------ Input records ------

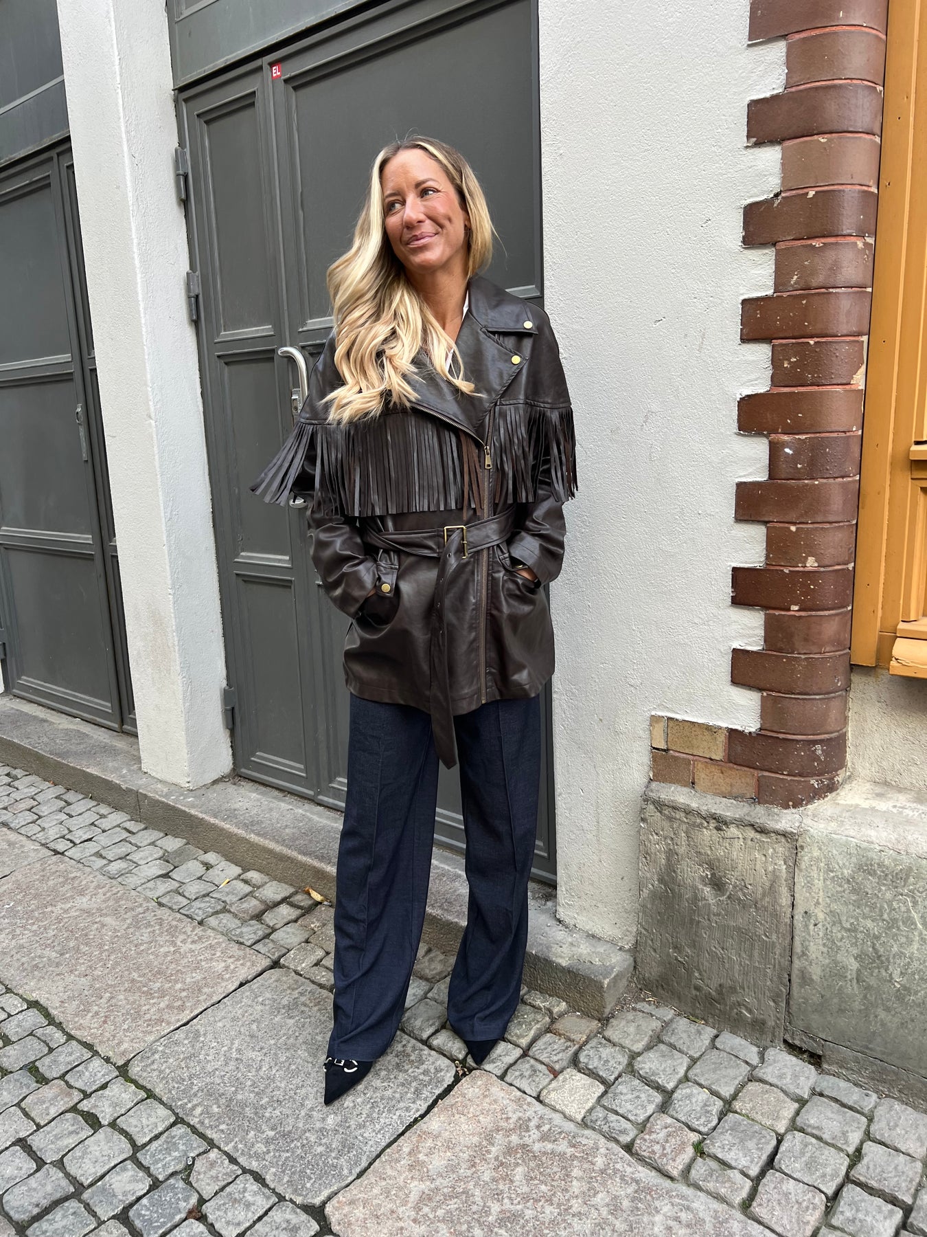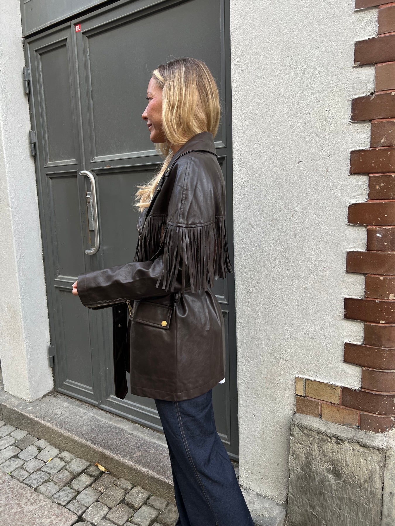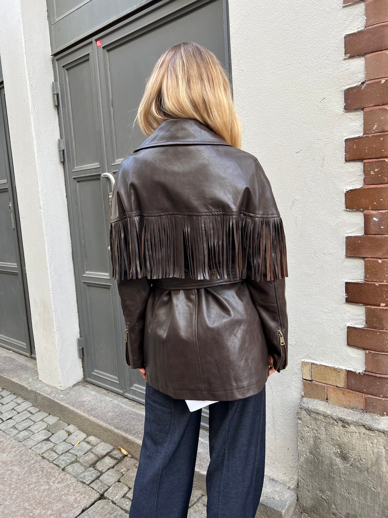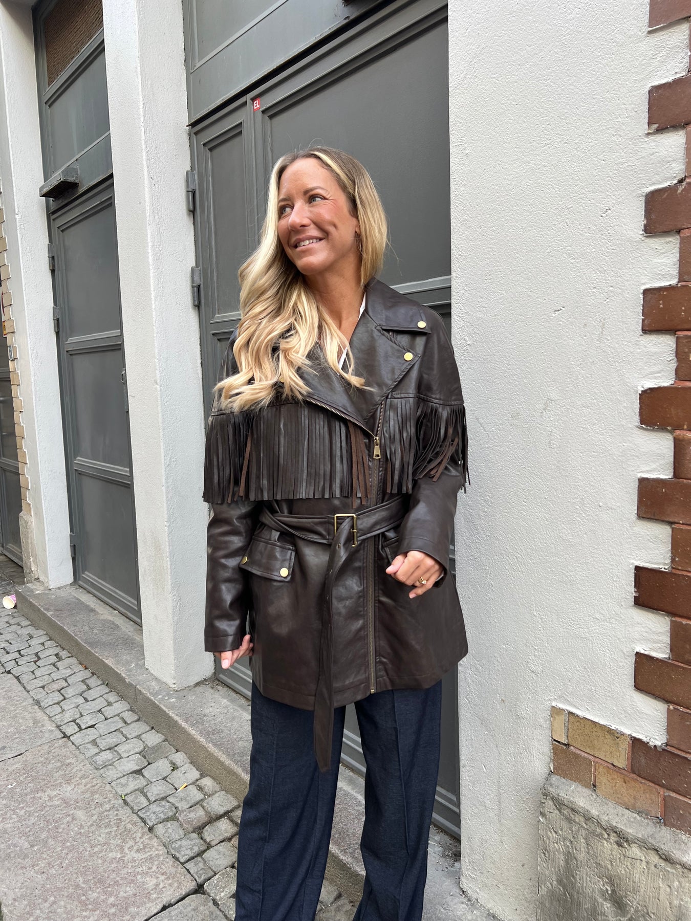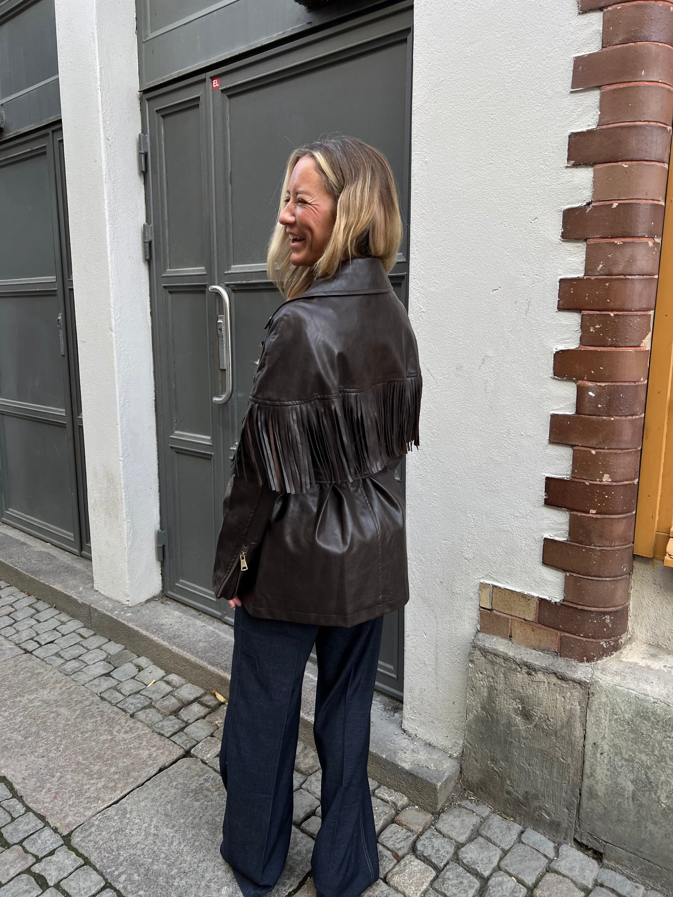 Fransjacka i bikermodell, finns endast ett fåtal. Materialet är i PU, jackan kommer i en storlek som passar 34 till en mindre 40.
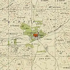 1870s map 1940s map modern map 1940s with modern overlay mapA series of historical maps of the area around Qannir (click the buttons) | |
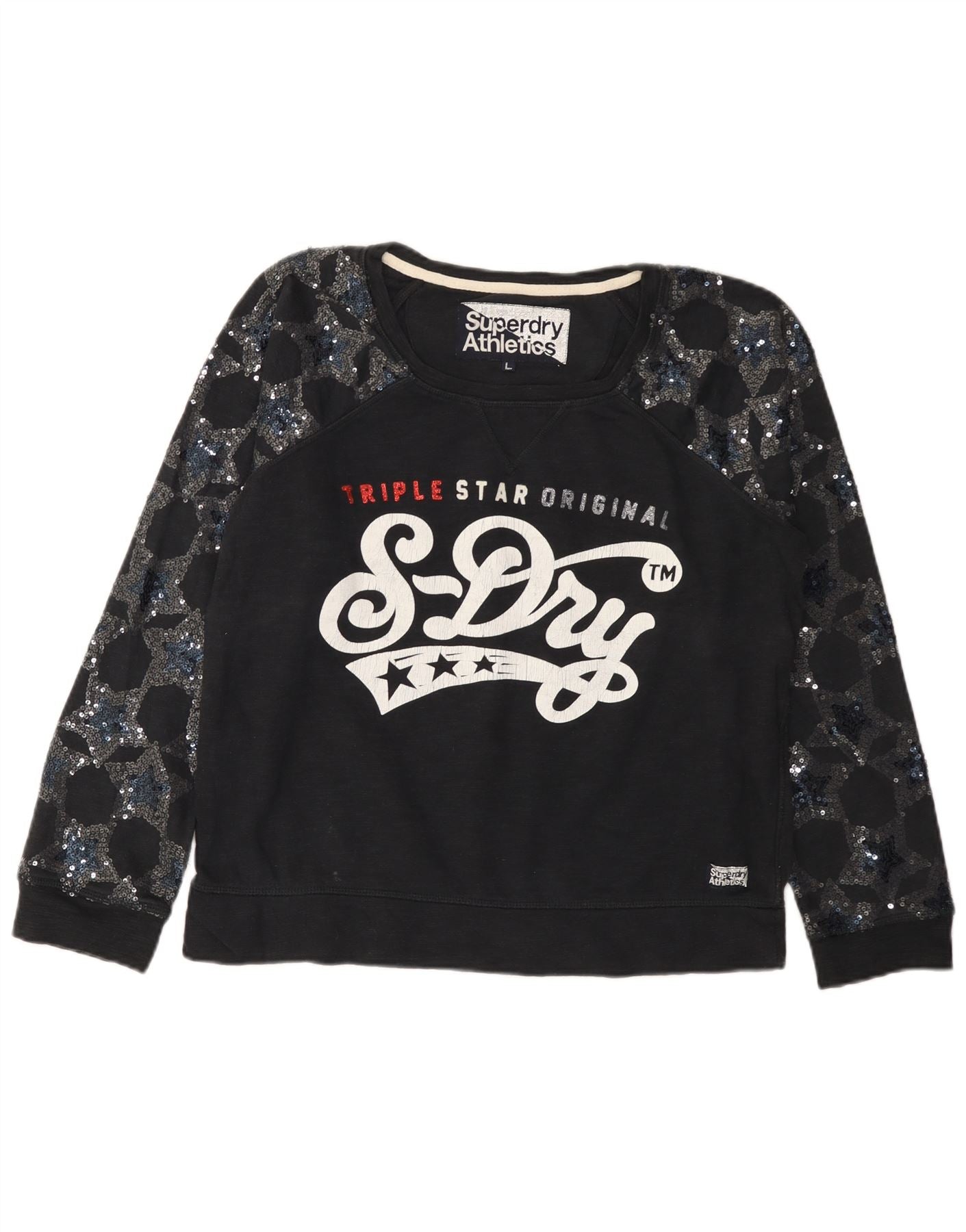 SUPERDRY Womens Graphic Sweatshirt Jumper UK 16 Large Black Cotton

------
------ Input records ------

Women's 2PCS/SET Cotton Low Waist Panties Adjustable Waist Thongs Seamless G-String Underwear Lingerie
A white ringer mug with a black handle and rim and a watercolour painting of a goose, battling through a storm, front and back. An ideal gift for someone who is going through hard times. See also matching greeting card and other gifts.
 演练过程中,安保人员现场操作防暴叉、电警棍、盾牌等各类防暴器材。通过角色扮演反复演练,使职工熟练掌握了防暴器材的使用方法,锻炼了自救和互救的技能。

------
------ Input records ------

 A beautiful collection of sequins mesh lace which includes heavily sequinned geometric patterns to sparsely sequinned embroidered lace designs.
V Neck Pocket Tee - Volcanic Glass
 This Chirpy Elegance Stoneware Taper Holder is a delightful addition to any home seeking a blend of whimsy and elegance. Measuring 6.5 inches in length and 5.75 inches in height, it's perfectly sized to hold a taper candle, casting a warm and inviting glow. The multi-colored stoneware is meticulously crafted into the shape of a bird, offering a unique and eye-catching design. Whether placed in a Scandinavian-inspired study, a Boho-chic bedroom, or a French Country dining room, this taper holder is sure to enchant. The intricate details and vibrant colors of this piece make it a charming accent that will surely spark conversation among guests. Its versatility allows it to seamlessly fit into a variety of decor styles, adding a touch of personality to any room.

------

- Brief
Every line above from the line with "A white ringer" to the line with "演练过程中,安保人员现场操作" is wanted, ends included; write them out exactly and add no other line.

- Exercise result
A white ringer mug with a black handle and rim and a watercolour painting of a goose, battling through a storm, front and back. An ideal gift for someone who is going through hard times. See also matching greeting card and other gifts.
 演练过程中,安保人员现场操作防暴叉、电警棍、盾牌等各类防暴器材。通过角色扮演反复演练,使职工熟练掌握了防暴器材的使用方法,锻炼了自救和互救的技能。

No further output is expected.